Friday, 12 July 2013

Notes from The virtues and faults of the Latin Christians by Tia Kolbaba (2012), (Edited by Paul Stephenson) in The Byzantine World.

Western Europe was accurately perceived by the Byzantines as being composed of many ethic groups, ethne (Kolbaba 114 : 2012), and the general attitude of the Byzantines to the western ethne changed over time. In late Byzantine society a perception of “the west” as an tyrannical enemy may have formed, with the phrase “Better the Turk than the Pope” (Brownsworth 2012) during the Palaiologian period (1204 -1453).

During the early period (600 -843 AD) Orthodox monks took shelter in Rome during the revival of iconoclasms in 815 and when Orthodoxy was reintroduced in 843 many expressed admiration for St Peter and a commitment to ecumenical canons and imperial laws that indicated Rome as the first of the patriarchates. Greek churches in Italy provided Greek leaders who worked to keep Latin and Greek churches together during the middle period (843 -1050), they functioned as flexible moderate middlemen between the two patriarchial sees (Kobaba 121 : 2012).

The issue of the Latin churches using unleavened bread (azyma) in the Eucharist, while the Greek churches used yeast in bread that rises (enzyme) was in part because non Chalcedonian Armenians using unleavened bread that was a symbol for the one nature of Jesus Christ and attachment to Judaic rites, and this argument was extended to the Latin churches as well. During the later stages growing contact with Latins in Byzantine service lead to an increasing awareness of differences in ritual and doctrine. There were a number of different responses, some like John of Antioch (1101) thought differences in the azymes, Filioque and other Latin variations were insignificant and his actions speak to a commitment to coexistence (Kolbaba 124 : 2012). The success of the reformed papacy and its claims to plenitude potestatis provoked resistance and criticism.

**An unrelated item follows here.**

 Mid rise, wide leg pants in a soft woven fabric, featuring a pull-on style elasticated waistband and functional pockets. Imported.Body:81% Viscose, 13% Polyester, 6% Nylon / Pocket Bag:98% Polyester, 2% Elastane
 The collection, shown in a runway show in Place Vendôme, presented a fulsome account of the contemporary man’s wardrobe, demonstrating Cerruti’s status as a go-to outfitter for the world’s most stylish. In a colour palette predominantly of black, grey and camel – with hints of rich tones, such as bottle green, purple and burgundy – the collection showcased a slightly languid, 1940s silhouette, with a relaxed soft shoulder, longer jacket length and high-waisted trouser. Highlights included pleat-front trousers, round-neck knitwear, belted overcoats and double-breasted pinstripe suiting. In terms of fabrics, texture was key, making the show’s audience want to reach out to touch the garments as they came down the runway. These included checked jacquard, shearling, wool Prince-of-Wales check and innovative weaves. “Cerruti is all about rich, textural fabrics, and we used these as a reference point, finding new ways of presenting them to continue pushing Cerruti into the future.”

Byzantine criticism of fundamental developments in Latin theology included the meaning of John 14:28, “The Father is greater than I (the son)”. The Byzantine emperor Manual I (1143 -1180) adopted the Latin meaning and forced it on the Greek Church. There were different philosophical traditions and some of the issues the Latins were discussing the Greeks were unaware of and were brought to their attention by diplomats, subsequently they became embroiled in the theological controversies of the Latin world in the twelfth century (Kolbaba 126 : 2012).

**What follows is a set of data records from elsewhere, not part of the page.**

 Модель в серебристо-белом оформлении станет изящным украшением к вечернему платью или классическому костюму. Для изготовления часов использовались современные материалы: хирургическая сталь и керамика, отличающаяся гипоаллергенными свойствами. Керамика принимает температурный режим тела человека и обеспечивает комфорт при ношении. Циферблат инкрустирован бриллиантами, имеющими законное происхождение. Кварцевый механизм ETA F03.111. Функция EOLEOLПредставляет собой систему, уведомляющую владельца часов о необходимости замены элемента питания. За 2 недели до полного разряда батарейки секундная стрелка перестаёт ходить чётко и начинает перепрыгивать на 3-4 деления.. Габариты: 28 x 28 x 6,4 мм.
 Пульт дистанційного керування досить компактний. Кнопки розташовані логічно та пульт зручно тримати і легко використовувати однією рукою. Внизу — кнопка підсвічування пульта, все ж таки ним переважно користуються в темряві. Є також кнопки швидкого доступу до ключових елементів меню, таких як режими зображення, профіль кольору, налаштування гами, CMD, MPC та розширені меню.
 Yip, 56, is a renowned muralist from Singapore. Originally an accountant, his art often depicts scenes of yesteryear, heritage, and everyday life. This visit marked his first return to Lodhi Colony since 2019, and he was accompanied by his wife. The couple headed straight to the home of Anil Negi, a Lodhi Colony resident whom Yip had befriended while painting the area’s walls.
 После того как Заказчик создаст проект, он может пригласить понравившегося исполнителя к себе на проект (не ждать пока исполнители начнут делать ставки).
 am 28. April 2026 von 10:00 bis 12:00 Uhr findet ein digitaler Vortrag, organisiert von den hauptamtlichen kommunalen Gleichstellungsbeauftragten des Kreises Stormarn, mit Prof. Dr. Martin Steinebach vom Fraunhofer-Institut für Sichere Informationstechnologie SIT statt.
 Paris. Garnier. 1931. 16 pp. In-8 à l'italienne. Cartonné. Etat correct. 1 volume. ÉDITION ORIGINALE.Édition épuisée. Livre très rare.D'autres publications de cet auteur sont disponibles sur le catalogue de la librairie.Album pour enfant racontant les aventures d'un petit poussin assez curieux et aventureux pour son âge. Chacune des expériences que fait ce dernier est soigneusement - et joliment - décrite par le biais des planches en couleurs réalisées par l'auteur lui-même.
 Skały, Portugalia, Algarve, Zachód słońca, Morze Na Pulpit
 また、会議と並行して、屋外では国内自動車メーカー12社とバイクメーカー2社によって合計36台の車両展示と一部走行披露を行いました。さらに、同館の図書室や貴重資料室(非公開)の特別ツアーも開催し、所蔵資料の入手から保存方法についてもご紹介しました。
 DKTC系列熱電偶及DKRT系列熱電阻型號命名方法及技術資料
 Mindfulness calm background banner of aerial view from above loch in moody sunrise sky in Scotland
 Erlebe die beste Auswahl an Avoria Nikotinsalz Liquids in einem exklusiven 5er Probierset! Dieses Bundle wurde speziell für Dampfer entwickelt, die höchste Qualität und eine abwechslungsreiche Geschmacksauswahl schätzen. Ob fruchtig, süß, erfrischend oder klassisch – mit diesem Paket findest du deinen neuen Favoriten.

After the sack of Constantinople in 1204 by the fourth Crusade, theological speculation using Latin philosophical innovations and attention to the theological issues the Latins discussed was subsumed by political motivations and sometimes violent resistance. As a rule the moderate middlemen were silenced. At the Second Council of Lyons (1274) Greeks who spent too much time with Latins were suspected of heresy, those who though the differences were inconsequential were either exiled or converted to Latin Christianity (Kolbab 127 : 2012). When imperial envoys returned to Constantinople from the Second Council of Lyons, following the news that they had agreed to a church union they were greeted with the cries “You have become Franks!” (Kolbaba 127 : 2012). The violence following the Fourth Crusade and the Latin papacies attempts to realise its plenitude of power, penitude potestatis had decisively created an irreparable schism (Kolbaba 127 : 2012).

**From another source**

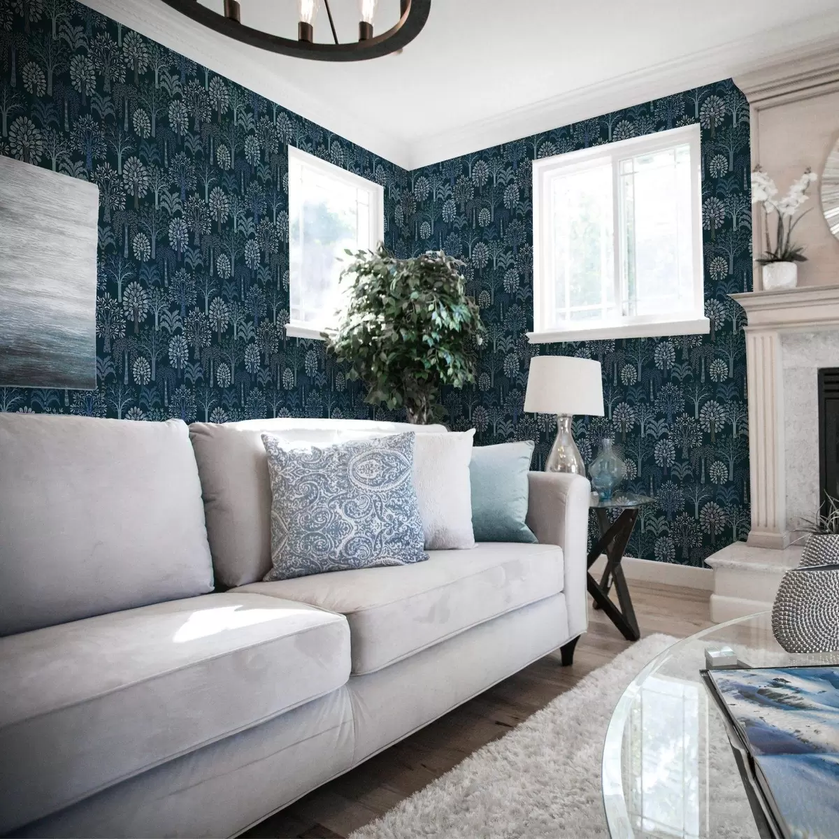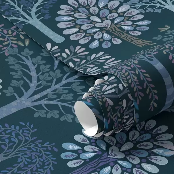 Behang Nachtelijk bos met decoratieve bomen in blauwe tinten Nr. a00960v2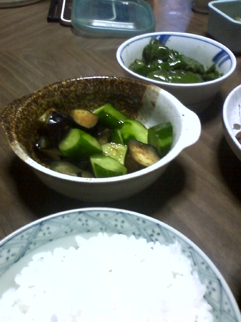 いつものきゅうりの浅漬けに今日はナスも参加。

Cover of The Byzantine World (2012)



















Bibliography

Brownsworth, Lars.(December 2009). Lars Brownworth - Smithsonian Institute - Byzantium. @ http://www.youtube.com/watch?v=LQ4ilVj1xLE. Approx 70 minutes long. Uploaded May 2011. Last viewed 10-7-2013.  

Kolbaba, Tia. (2012). The virtues and faults of the Latin Chrisitans. (Edited by Paul Stephenson). From The Byzantine World. Published by Routledge. Pages 114 -127.